PROVIDED MATERIAL —
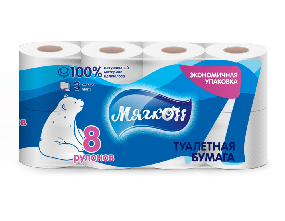 Бумага туалетная трехслойная Мягкоff №8
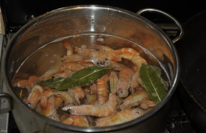 - Kook de garnalen in gezouten water, laat afkoelen en begin met schoonmaken.
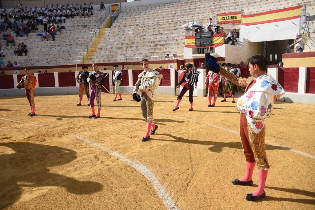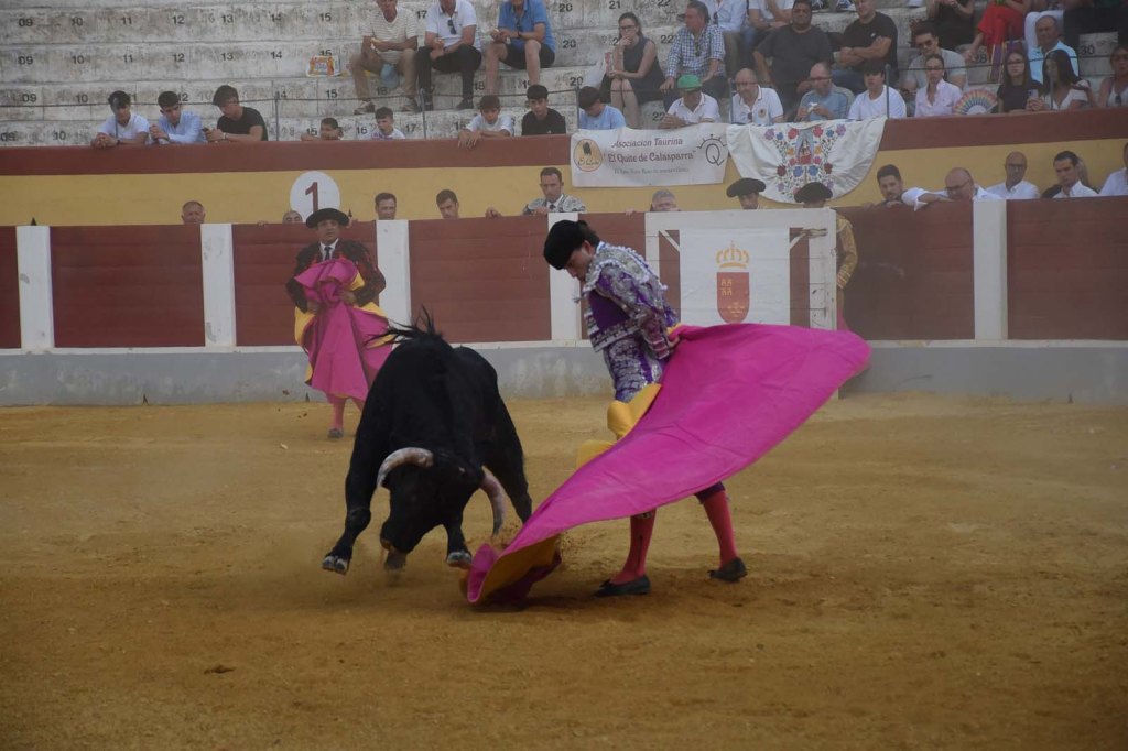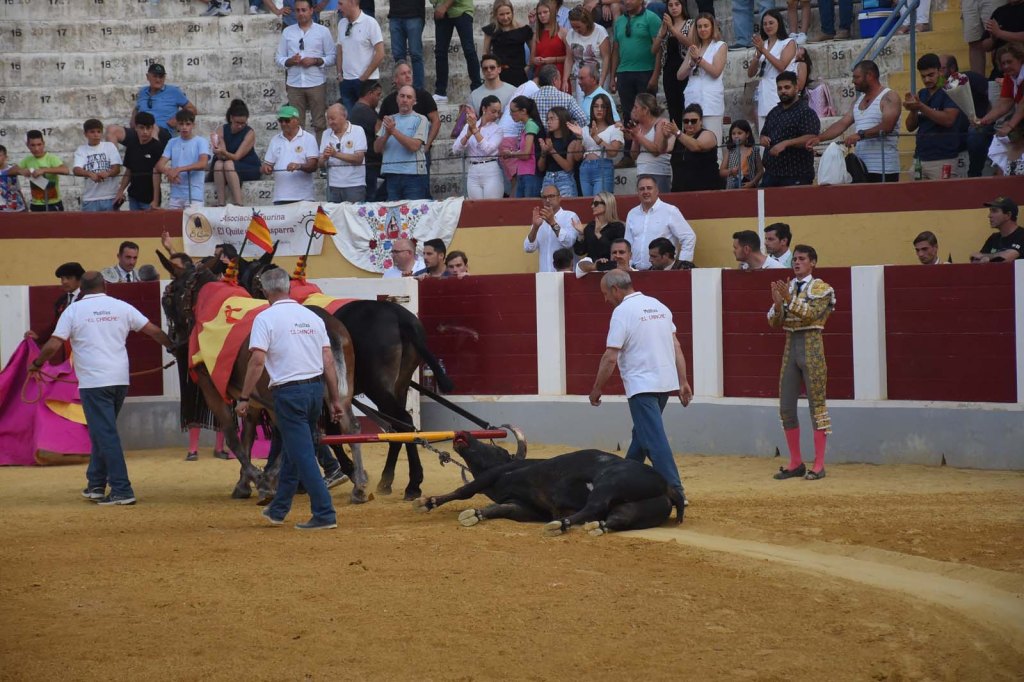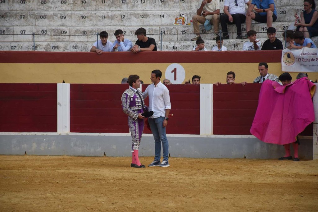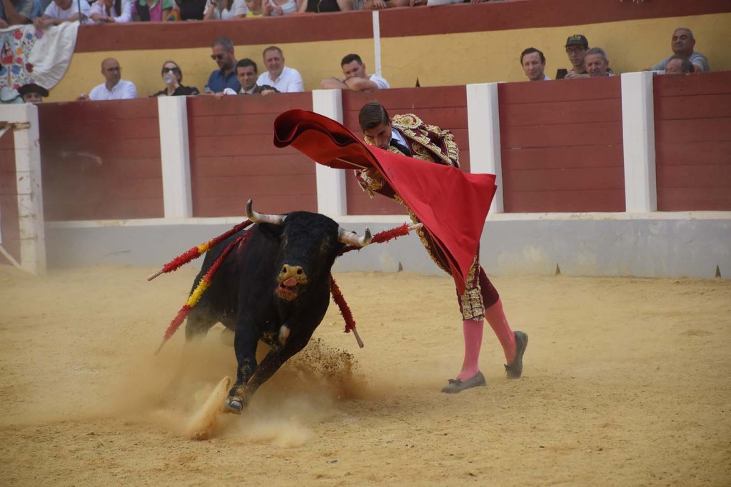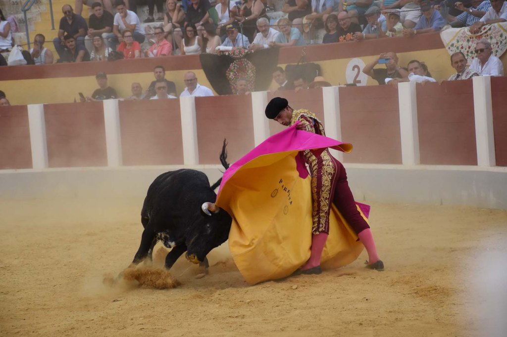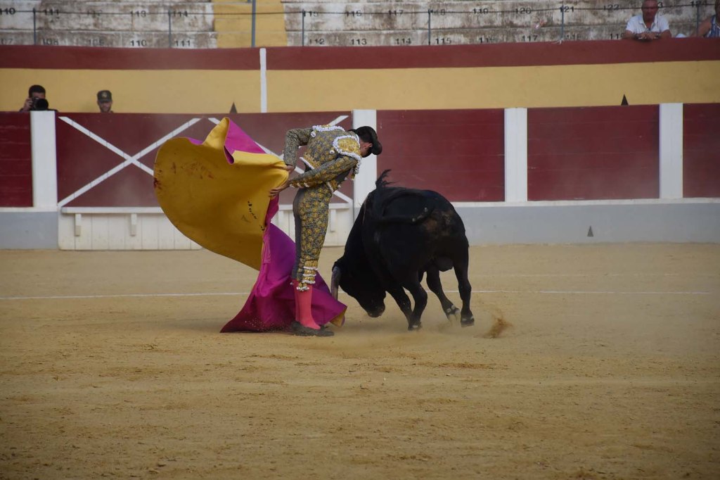 Cristóbal Ramos “Parrita” se abrió con gusto a la verónica saludando a “Pajarito”, 2º del festejo, que como su nombre indicaba, tenía cuerpo de eso. La lidia en los primeros tercios no destacó demasiado. Agradecido por la ayuda prestada, el novillero murciano brindó la faena a este novillo a Rafael Rubio “Rafaelillo” y a David Lorente, que le están ayudando a reconducir su carrera. Soberbio fue el inicio de faena de “Parrita”, llevándose al novillo a los medios con muletazos con mucho gusto y temple, sacando esa vena artística, que lleva dentro. Templó de verdad en la primera tanda, dejando derechazos al ralentí y con mucho desmayo. La faena fue a más, porque el novillo tuvo duración. Lo mejor llegó en una tanda soberbia de naturales donde se relajó de tal manera Cristóbal que floreció el toreo más jondo. Muletazos de escandalera, con encaje, con la barbilla metida en el pecho, conquistando a los presentes con su arte. Mató de estocada entera contraria, utilizando el descabello en dos ocasiones. La faena tuvo tanto poso que fue premiado con las 2 orejas.

TASK REQUIREMENTS —
Could you repeat word for word only the lines from the one that contains "- Kook de garnalen" through the end of the listing, leaving out the pictures?

SOLUTION TO THIS TASK —
 - Kook de garnalen in gezouten water, laat afkoelen en begin met schoonmaken.
 Cristóbal Ramos “Parrita” se abrió con gusto a la verónica saludando a “Pajarito”, 2º del festejo, que como su nombre indicaba, tenía cuerpo de eso. La lidia en los primeros tercios no destacó demasiado. Agradecido por la ayuda prestada, el novillero murciano brindó la faena a este novillo a Rafael Rubio “Rafaelillo” y a David Lorente, que le están ayudando a reconducir su carrera. Soberbio fue el inicio de faena de “Parrita”, llevándose al novillo a los medios con muletazos con mucho gusto y temple, sacando esa vena artística, que lleva dentro. Templó de verdad en la primera tanda, dejando derechazos al ralentí y con mucho desmayo. La faena fue a más, porque el novillo tuvo duración. Lo mejor llegó en una tanda soberbia de naturales donde se relajó de tal manera Cristóbal que floreció el toreo más jondo. Muletazos de escandalera, con encaje, con la barbilla metida en el pecho, conquistando a los presentes con su arte. Mató de estocada entera contraria, utilizando el descabello en dos ocasiones. La faena tuvo tanto poso que fue premiado con las 2 orejas.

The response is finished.